Listed entries section start

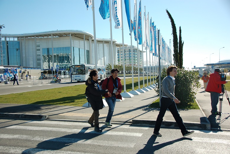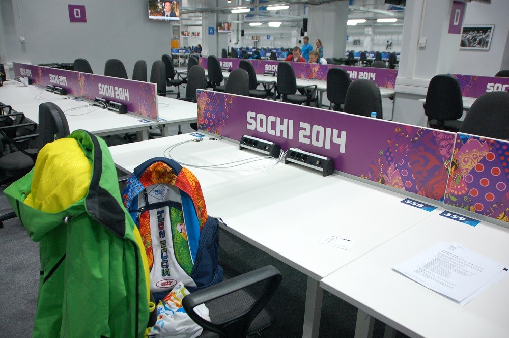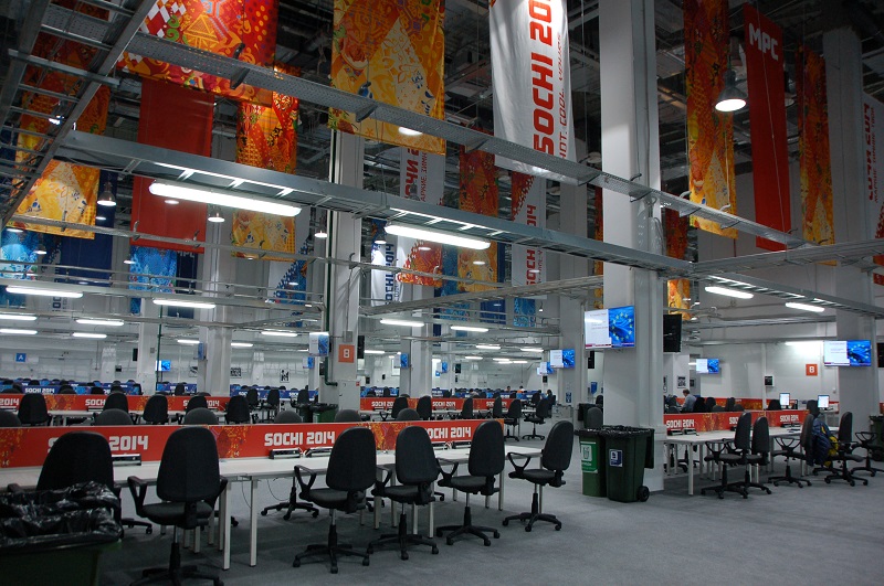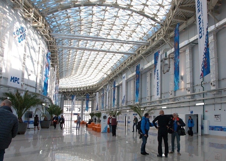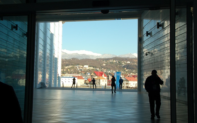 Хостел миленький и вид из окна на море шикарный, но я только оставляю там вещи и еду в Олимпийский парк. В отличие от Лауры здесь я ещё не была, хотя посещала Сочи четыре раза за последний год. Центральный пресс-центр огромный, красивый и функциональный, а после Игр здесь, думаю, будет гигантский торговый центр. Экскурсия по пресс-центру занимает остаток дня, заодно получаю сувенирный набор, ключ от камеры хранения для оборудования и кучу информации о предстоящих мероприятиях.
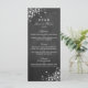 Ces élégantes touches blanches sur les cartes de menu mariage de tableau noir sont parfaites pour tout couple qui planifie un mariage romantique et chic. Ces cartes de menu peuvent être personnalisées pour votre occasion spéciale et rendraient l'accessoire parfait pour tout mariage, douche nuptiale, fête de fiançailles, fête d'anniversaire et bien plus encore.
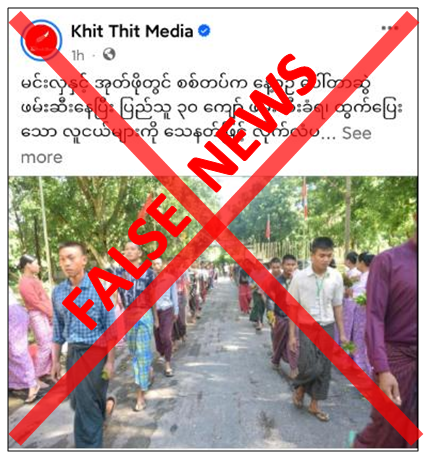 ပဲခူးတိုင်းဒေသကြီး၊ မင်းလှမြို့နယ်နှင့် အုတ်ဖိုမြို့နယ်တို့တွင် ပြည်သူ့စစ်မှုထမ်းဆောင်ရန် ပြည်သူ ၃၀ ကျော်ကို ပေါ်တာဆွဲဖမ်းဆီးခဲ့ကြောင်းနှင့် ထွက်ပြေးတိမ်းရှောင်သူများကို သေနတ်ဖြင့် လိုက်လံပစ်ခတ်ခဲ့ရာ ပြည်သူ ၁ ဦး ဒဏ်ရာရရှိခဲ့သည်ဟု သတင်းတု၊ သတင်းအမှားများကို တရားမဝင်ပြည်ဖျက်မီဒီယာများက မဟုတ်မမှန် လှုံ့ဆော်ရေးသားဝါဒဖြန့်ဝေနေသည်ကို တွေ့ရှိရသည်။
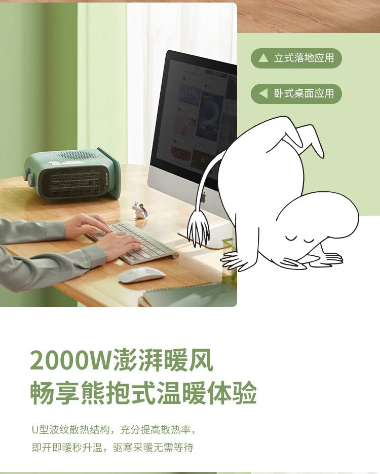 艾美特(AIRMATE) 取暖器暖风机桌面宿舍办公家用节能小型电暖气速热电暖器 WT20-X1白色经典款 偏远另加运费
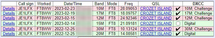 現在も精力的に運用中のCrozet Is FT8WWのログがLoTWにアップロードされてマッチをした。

Listed entries section end

### Instructions for the task
Omit the pictures and write out the remaining data exactly.

### Written reply
 Хостел миленький и вид из окна на море шикарный, но я только оставляю там вещи и еду в Олимпийский парк. В отличие от Лауры здесь я ещё не была, хотя посещала Сочи четыре раза за последний год. Центральный пресс-центр огромный, красивый и функциональный, а после Игр здесь, думаю, будет гигантский торговый центр. Экскурсия по пресс-центру занимает остаток дня, заодно получаю сувенирный набор, ключ от камеры хранения для оборудования и кучу информации о предстоящих мероприятиях.
 Ces élégantes touches blanches sur les cartes de menu mariage de tableau noir sont parfaites pour tout couple qui planifie un mariage romantique et chic. Ces cartes de menu peuvent être personnalisées pour votre occasion spéciale et rendraient l'accessoire parfait pour tout mariage, douche nuptiale, fête de fiançailles, fête d'anniversaire et bien plus encore.
 ပဲခူးတိုင်းဒေသကြီး၊ မင်းလှမြို့နယ်နှင့် အုတ်ဖိုမြို့နယ်တို့တွင် ပြည်သူ့စစ်မှုထမ်းဆောင်ရန် ပြည်သူ ၃၀ ကျော်ကို ပေါ်တာဆွဲဖမ်းဆီးခဲ့ကြောင်းနှင့် ထွက်ပြေးတိမ်းရှောင်သူများကို သေနတ်ဖြင့် လိုက်လံပစ်ခတ်ခဲ့ရာ ပြည်သူ ၁ ဦး ဒဏ်ရာရရှိခဲ့သည်ဟု သတင်းတု၊ သတင်းအမှားများကို တရားမဝင်ပြည်ဖျက်မီဒီယာများက မဟုတ်မမှန် လှုံ့ဆော်ရေးသားဝါဒဖြန့်ဝေနေသည်ကို တွေ့ရှိရသည်။
 艾美特(AIRMATE) 取暖器暖风机桌面宿舍办公家用节能小型电暖气速热电暖器 WT20-X1白色经典款 偏远另加运费
 現在も精力的に運用中のCrozet Is FT8WWのログがLoTWにアップロードされてマッチをした。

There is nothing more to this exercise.